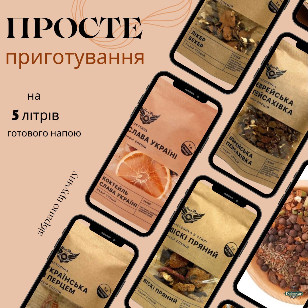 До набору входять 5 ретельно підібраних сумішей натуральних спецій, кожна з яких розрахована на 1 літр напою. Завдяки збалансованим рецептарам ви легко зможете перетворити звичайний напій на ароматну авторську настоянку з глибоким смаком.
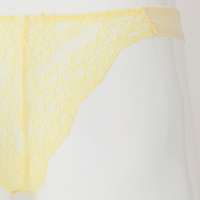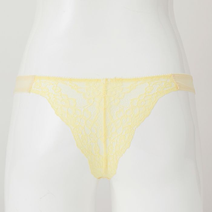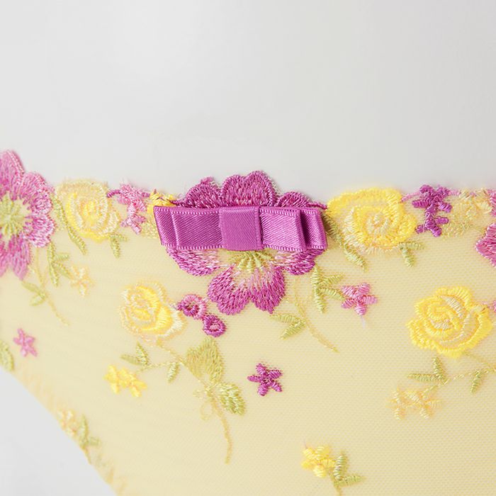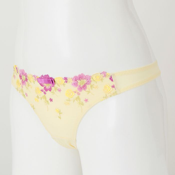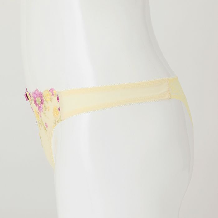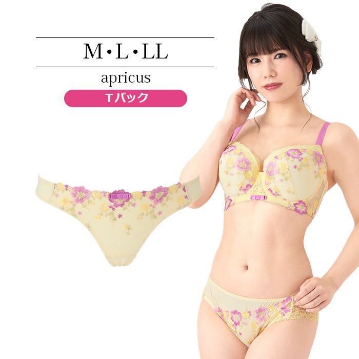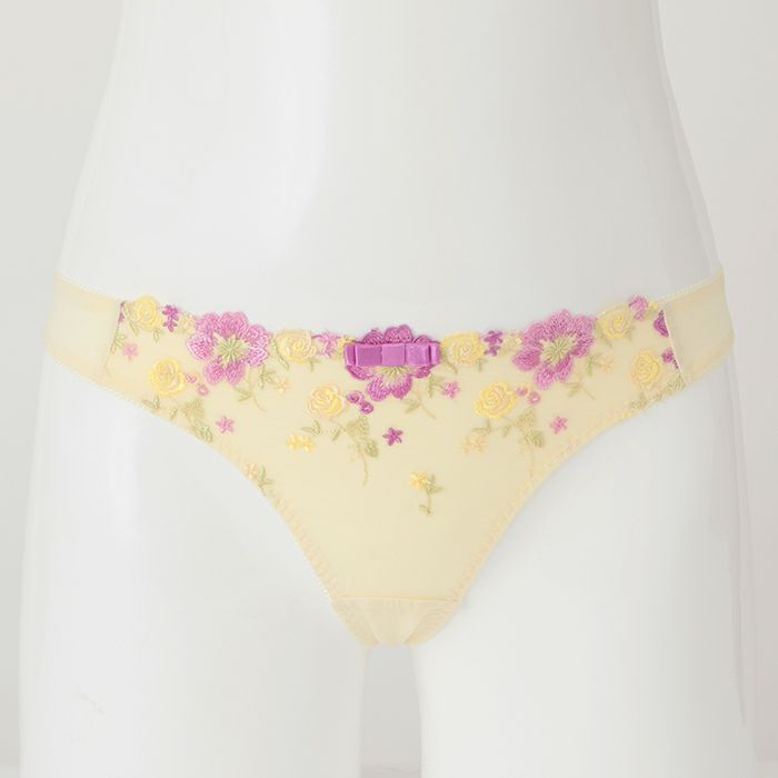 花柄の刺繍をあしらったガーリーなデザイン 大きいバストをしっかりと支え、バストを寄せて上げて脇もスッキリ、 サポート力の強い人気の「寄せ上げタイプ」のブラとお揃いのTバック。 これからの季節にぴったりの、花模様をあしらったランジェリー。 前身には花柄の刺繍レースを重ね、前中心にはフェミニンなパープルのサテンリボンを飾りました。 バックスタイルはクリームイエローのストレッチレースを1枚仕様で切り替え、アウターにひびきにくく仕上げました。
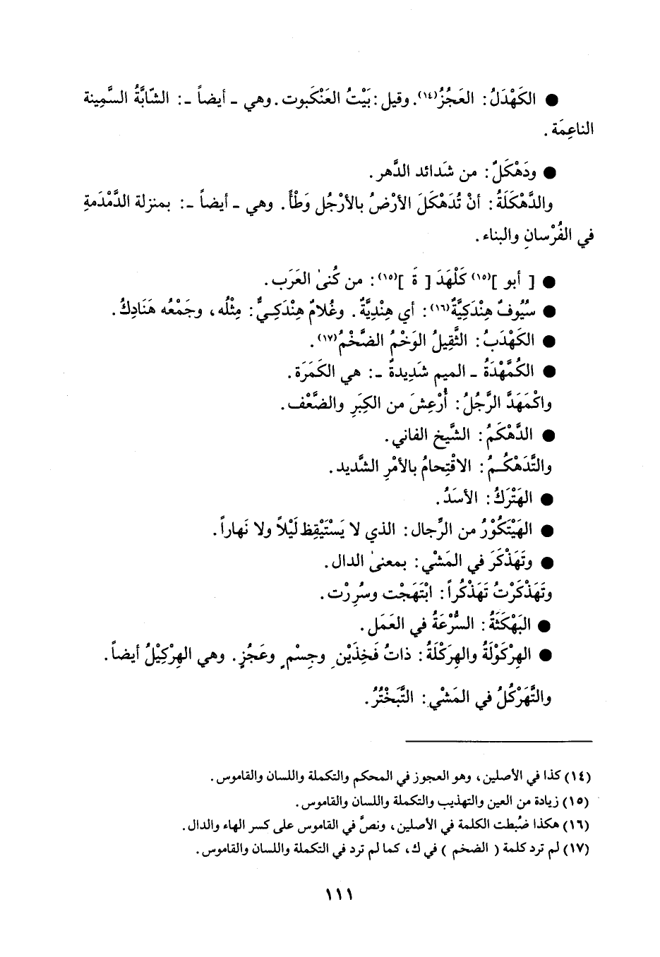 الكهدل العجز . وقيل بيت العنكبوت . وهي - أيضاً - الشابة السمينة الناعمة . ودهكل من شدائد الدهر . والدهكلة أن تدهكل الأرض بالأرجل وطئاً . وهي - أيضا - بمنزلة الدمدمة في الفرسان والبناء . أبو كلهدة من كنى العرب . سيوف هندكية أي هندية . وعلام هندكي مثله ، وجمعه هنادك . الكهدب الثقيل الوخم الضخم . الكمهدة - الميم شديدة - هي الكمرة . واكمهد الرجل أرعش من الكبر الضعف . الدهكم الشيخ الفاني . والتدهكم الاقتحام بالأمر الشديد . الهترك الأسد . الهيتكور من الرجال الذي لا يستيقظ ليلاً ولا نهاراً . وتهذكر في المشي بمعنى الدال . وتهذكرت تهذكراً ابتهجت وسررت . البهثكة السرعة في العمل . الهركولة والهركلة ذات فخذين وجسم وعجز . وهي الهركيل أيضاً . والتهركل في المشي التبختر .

______

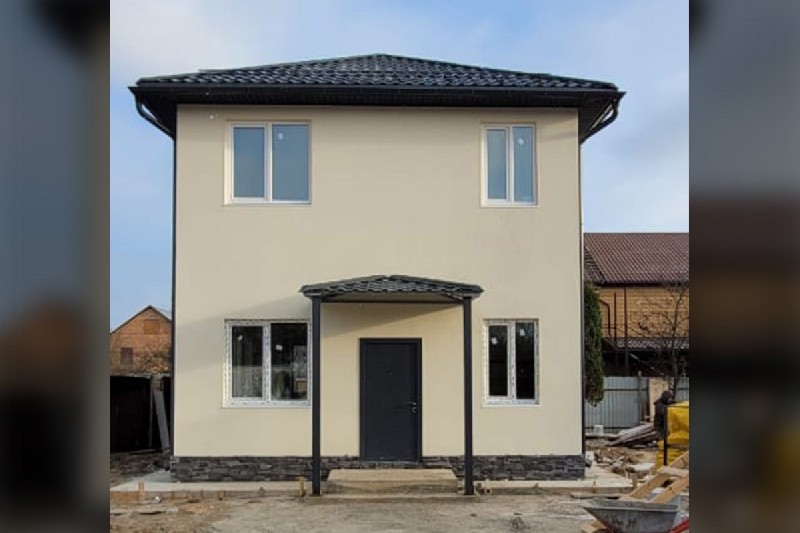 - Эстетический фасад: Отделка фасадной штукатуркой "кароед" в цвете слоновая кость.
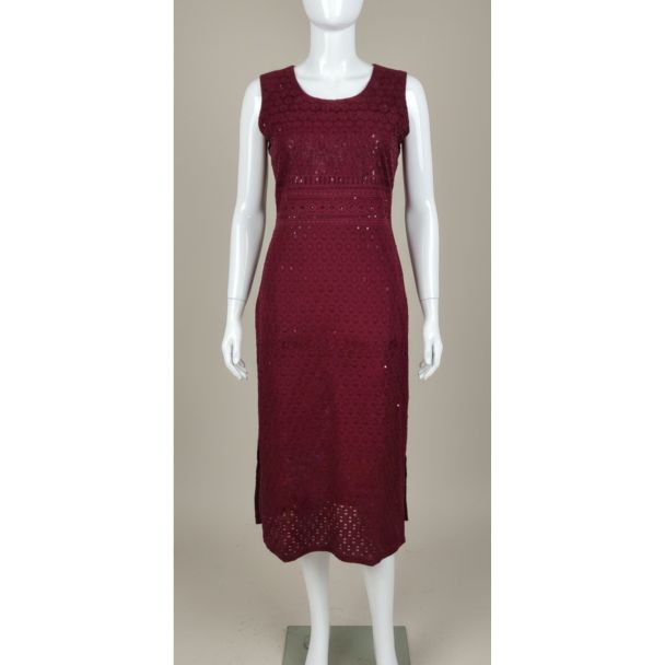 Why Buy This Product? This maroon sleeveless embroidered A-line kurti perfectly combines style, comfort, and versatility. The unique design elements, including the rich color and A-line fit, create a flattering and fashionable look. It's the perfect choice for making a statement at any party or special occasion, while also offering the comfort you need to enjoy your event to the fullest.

______

### GOAL OF THE EXERCISE
A verbatim reproduction is expected: starting at the line above that has "До набору входять", ending at the line that has "الكهدل العجز .", both included, and with no pictures and no other lines.

### RESPONSE TO THE TASK
 До набору входять 5 ретельно підібраних сумішей натуральних спецій, кожна з яких розрахована на 1 літр напою. Завдяки збалансованим рецептарам ви легко зможете перетворити звичайний напій на ароматну авторську настоянку з глибоким смаком.
 花柄の刺繍をあしらったガーリーなデザイン 大きいバストをしっかりと支え、バストを寄せて上げて脇もスッキリ、 サポート力の強い人気の「寄せ上げタイプ」のブラとお揃いのTバック。 これからの季節にぴったりの、花模様をあしらったランジェリー。 前身には花柄の刺繍レースを重ね、前中心にはフェミニンなパープルのサテンリボンを飾りました。 バックスタイルはクリームイエローのストレッチレースを1枚仕様で切り替え、アウターにひびきにくく仕上げました。
 الكهدل العجز . وقيل بيت العنكبوت . وهي - أيضاً - الشابة السمينة الناعمة . ودهكل من شدائد الدهر . والدهكلة أن تدهكل الأرض بالأرجل وطئاً . وهي - أيضا - بمنزلة الدمدمة في الفرسان والبناء . أبو كلهدة من كنى العرب . سيوف هندكية أي هندية . وعلام هندكي مثله ، وجمعه هنادك . الكهدب الثقيل الوخم الضخم . الكمهدة - الميم شديدة - هي الكمرة . واكمهد الرجل أرعش من الكبر الضعف . الدهكم الشيخ الفاني . والتدهكم الاقتحام بالأمر الشديد . الهترك الأسد . الهيتكور من الرجال الذي لا يستيقظ ليلاً ولا نهاراً . وتهذكر في المشي بمعنى الدال . وتهذكرت تهذكراً ابتهجت وسررت . البهثكة السرعة في العمل . الهركولة والهركلة ذات فخذين وجسم وعجز . وهي الهركيل أيضاً . والتهركل في المشي التبختر .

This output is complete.